- [THE TASK]:
Nothing but the lines from the one holding "Разлить суп по" through the last line of the material below should be set down, exactly and without images.

- [PROVIDED MATERIAL]:
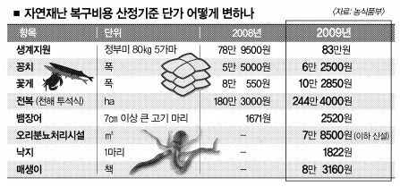 농림수산식품부는 이 같은 내용을 담은 ‘2009년도 농어업재난 복구비용 산정기준단가’를 고시하고 시행에 들어간다고 20일 밝혔다. 이 기준은 이번 달 장맛비 피해를 본 농어가 지원부터 새롭게 적용된다.
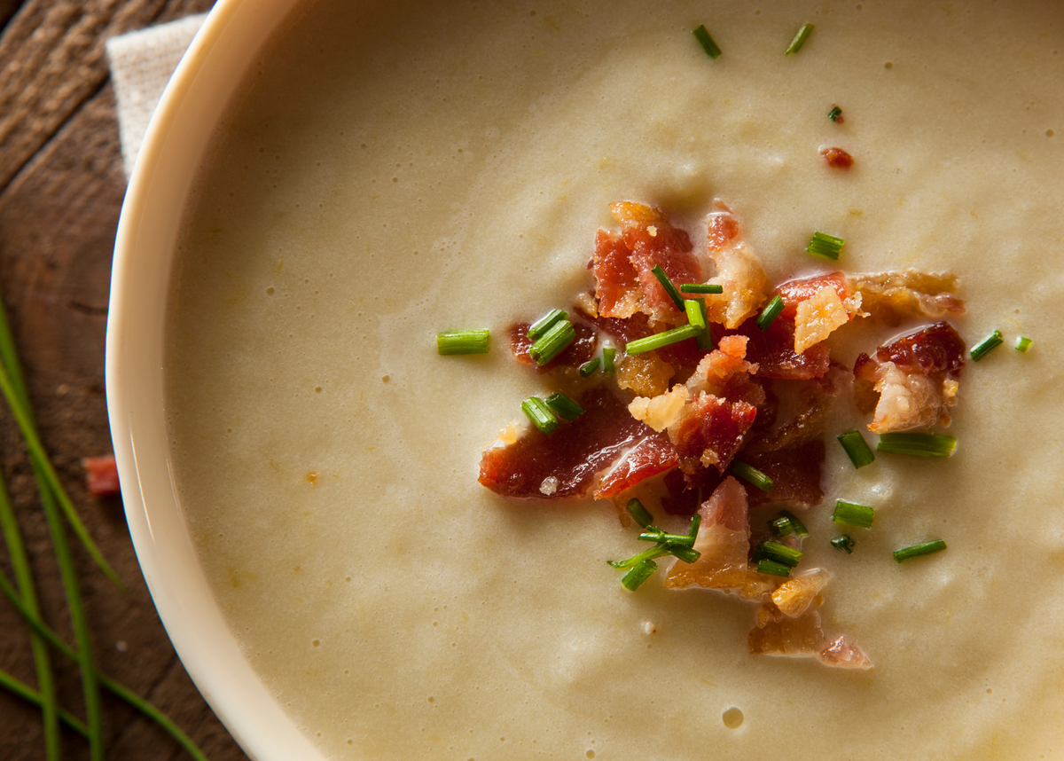 Разлить суп по тарелкам, украсить свежим зеленым луком и хрустящим беконом. Такой суп — прекрасный выбор для домашнего ужина!
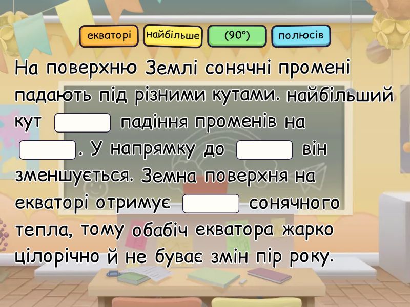 На поверхню Землі сонячні промені падають під різними кутами. найбільший кут ____ падіння променів на ____. У напрямку до ____ він зменшується. Земна поверхня на екваторі отримує ____ сонячного тепла, тому обабіч екватора жарко цілорічно й не буває змін пір року. Посередником між променевою енергією ____ і життям на ____ є ____, що використовують під час ____ енергію Сонця для перетворення ____ речовин на ____ речовину
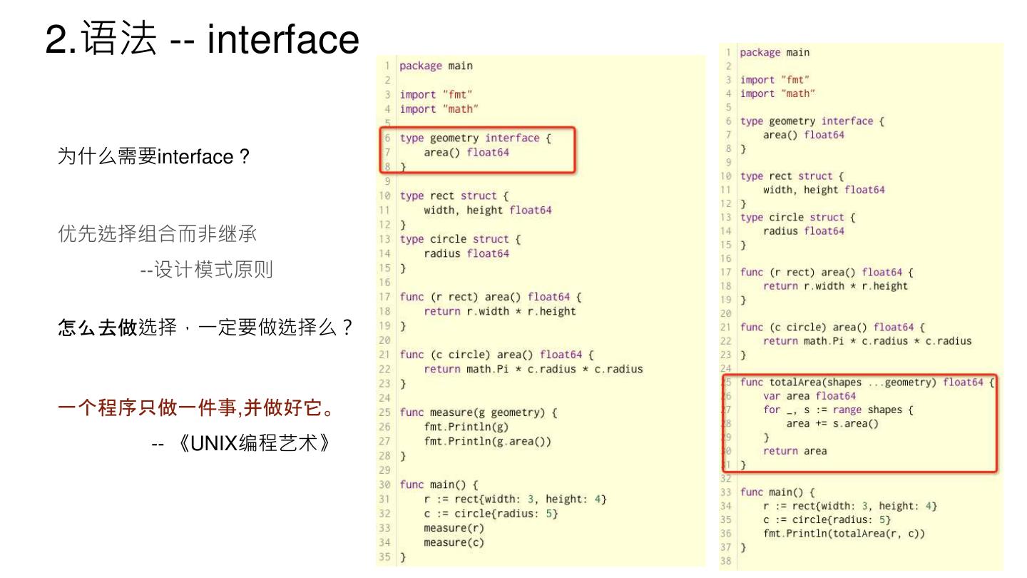 25 .2.语法 -- interface 为什么需要interface ? 优先选择组合而非继承 --设计模式原则 怎么去做选择,一定要做选择么? 一个程序只做一件事,并做好它。 -- 《UNIX编程艺术》

- [THE COMPLETED TASK]:
 Разлить суп по тарелкам, украсить свежим зеленым луком и хрустящим беконом. Такой суп — прекрасный выбор для домашнего ужина!
 На поверхню Землі сонячні промені падають під різними кутами. найбільший кут ____ падіння променів на ____. У напрямку до ____ він зменшується. Земна поверхня на екваторі отримує ____ сонячного тепла, тому обабіч екватора жарко цілорічно й не буває змін пір року. Посередником між променевою енергією ____ і життям на ____ є ____, що використовують під час ____ енергію Сонця для перетворення ____ речовин на ____ речовину
 25 .2.语法 -- interface 为什么需要interface ? 优先选择组合而非继承 --设计模式原则 怎么去做选择,一定要做选择么? 一个程序只做一件事,并做好它。 -- 《UNIX编程艺术》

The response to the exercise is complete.